*** Opening Recorded data ***
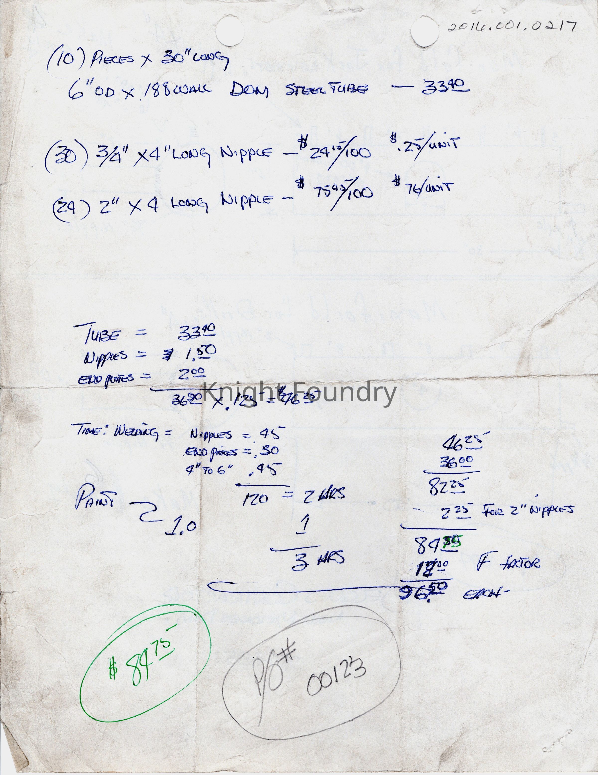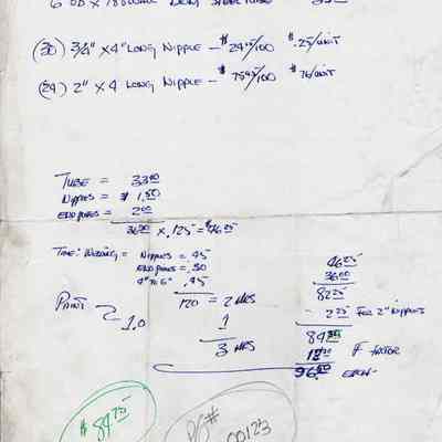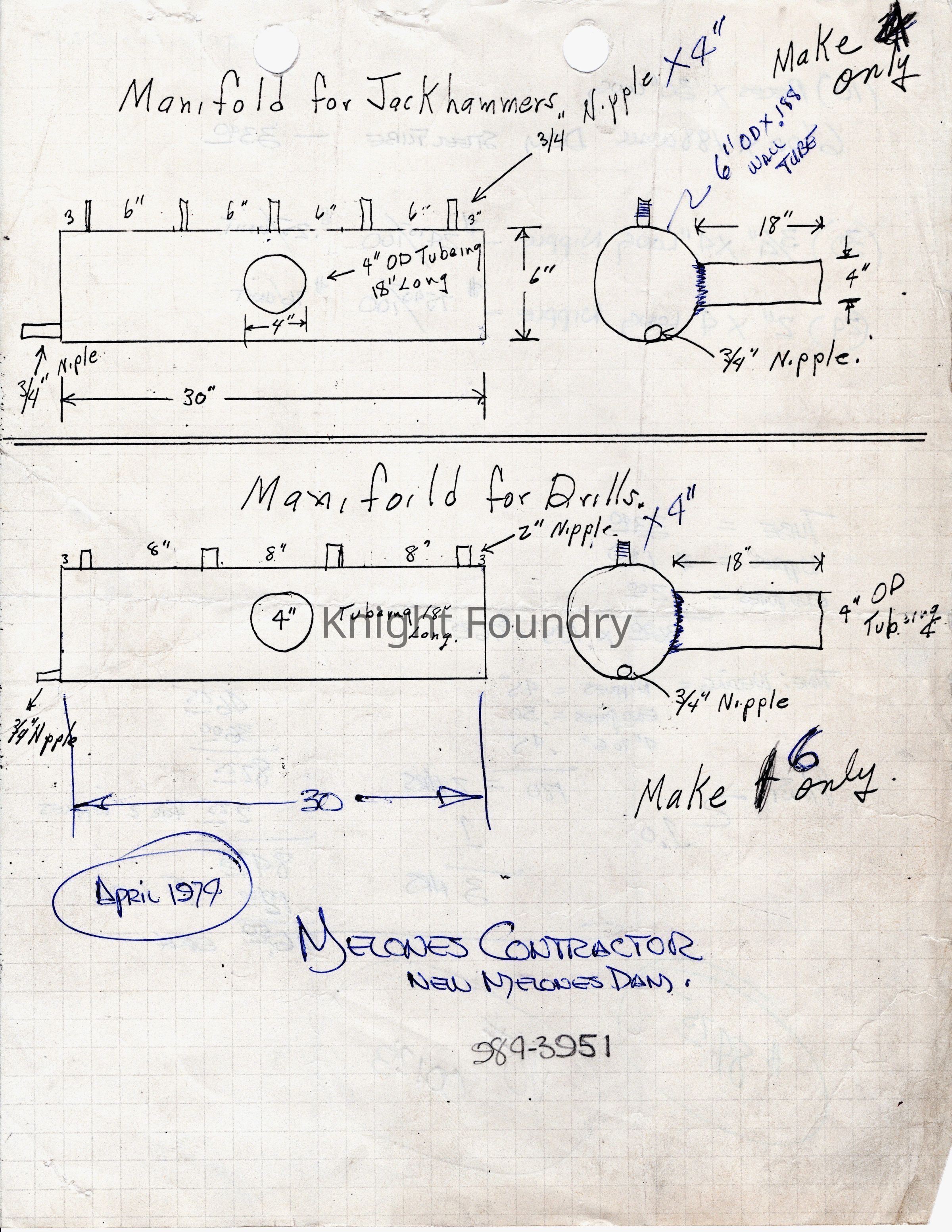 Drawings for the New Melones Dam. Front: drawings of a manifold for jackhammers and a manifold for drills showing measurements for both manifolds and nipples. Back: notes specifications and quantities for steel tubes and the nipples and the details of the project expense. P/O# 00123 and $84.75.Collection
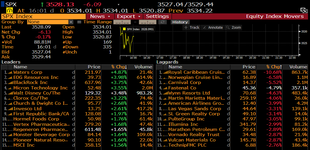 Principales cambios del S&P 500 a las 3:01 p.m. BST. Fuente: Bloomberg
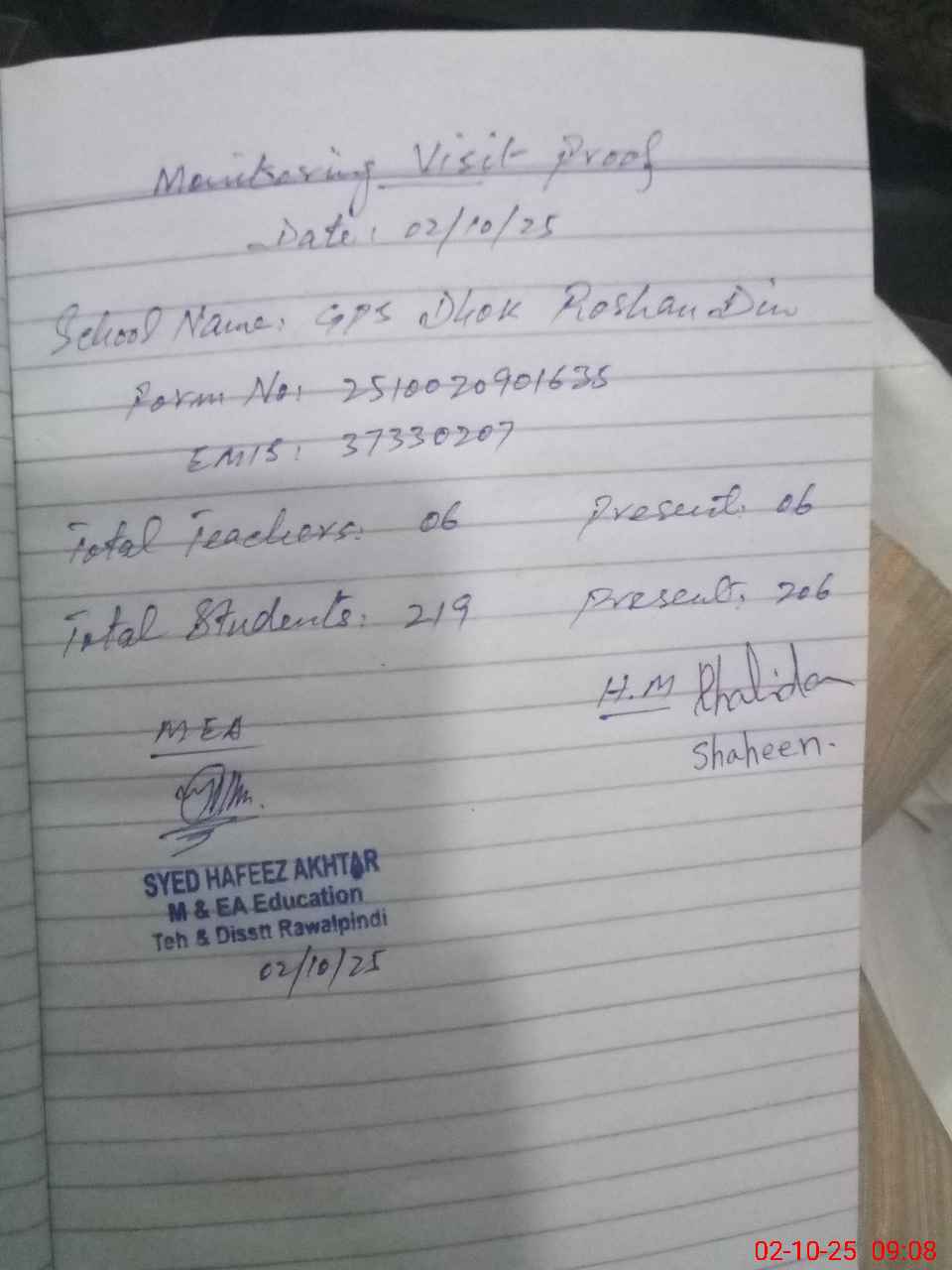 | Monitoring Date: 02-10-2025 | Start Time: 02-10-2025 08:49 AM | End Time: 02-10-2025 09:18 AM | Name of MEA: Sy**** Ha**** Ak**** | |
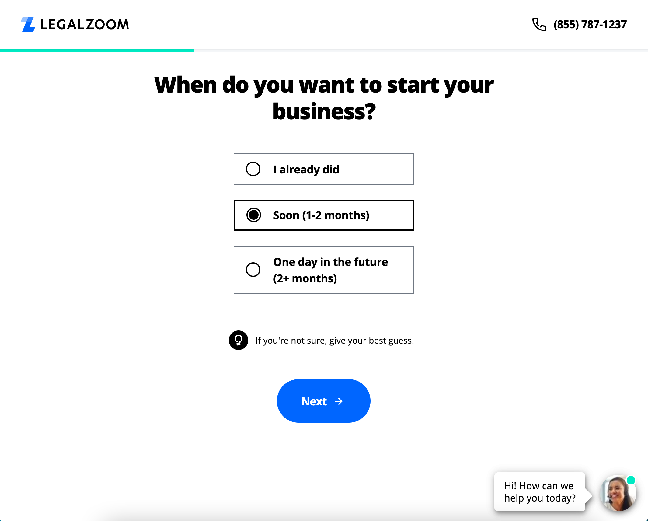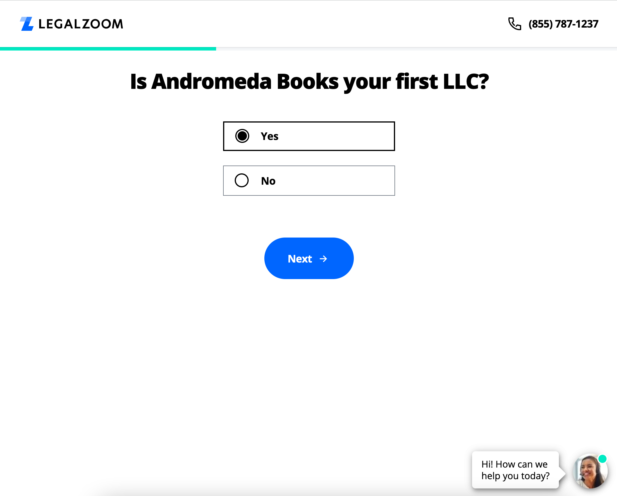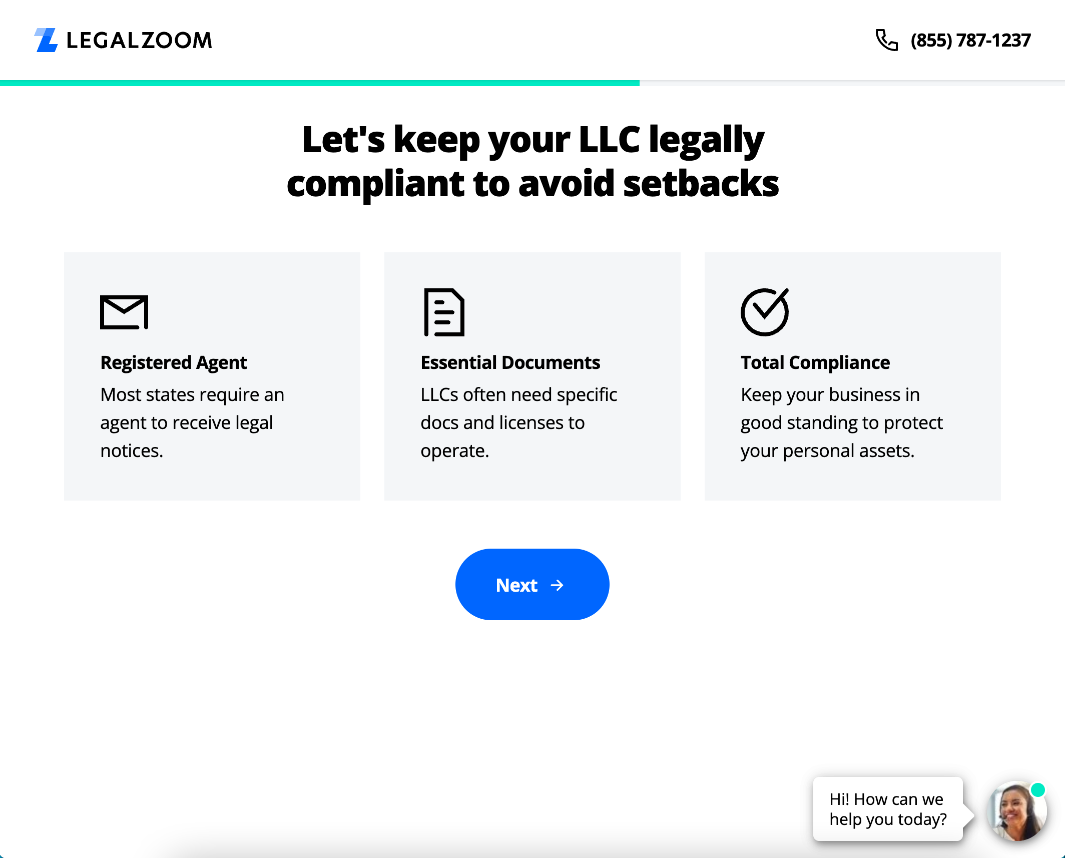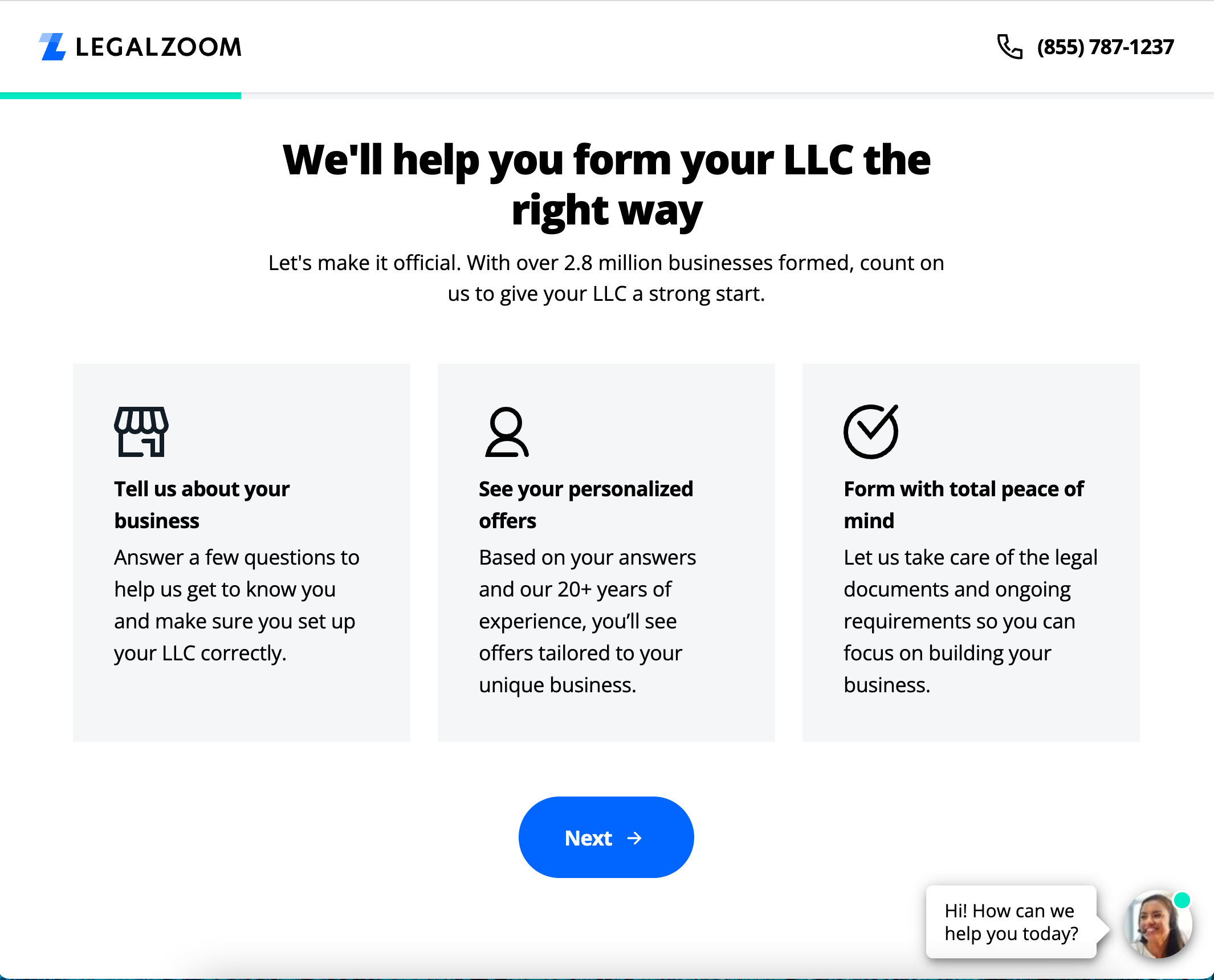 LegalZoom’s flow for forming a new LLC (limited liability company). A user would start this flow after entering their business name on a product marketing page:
*** Closing Recorded data ***
Your goal =>
Your response must reproduce every line of the data exactly, with images omitted.

Task response =>
 Drawings for the New Melones Dam. Front: drawings of a manifold for jackhammers and a manifold for drills showing measurements for both manifolds and nipples. Back: notes specifications and quantities for steel tubes and the nipples and the details of the project expense. P/O# 00123 and $84.75.Collection
 Principales cambios del S&P 500 a las 3:01 p.m. BST. Fuente: Bloomberg
 | Monitoring Date: 02-10-2025 | Start Time: 02-10-2025 08:49 AM | End Time: 02-10-2025 09:18 AM | Name of MEA: Sy**** Ha**** Ak**** | |
 LegalZoom’s flow for forming a new LLC (limited liability company). A user would start this flow after entering their business name on a product marketing page:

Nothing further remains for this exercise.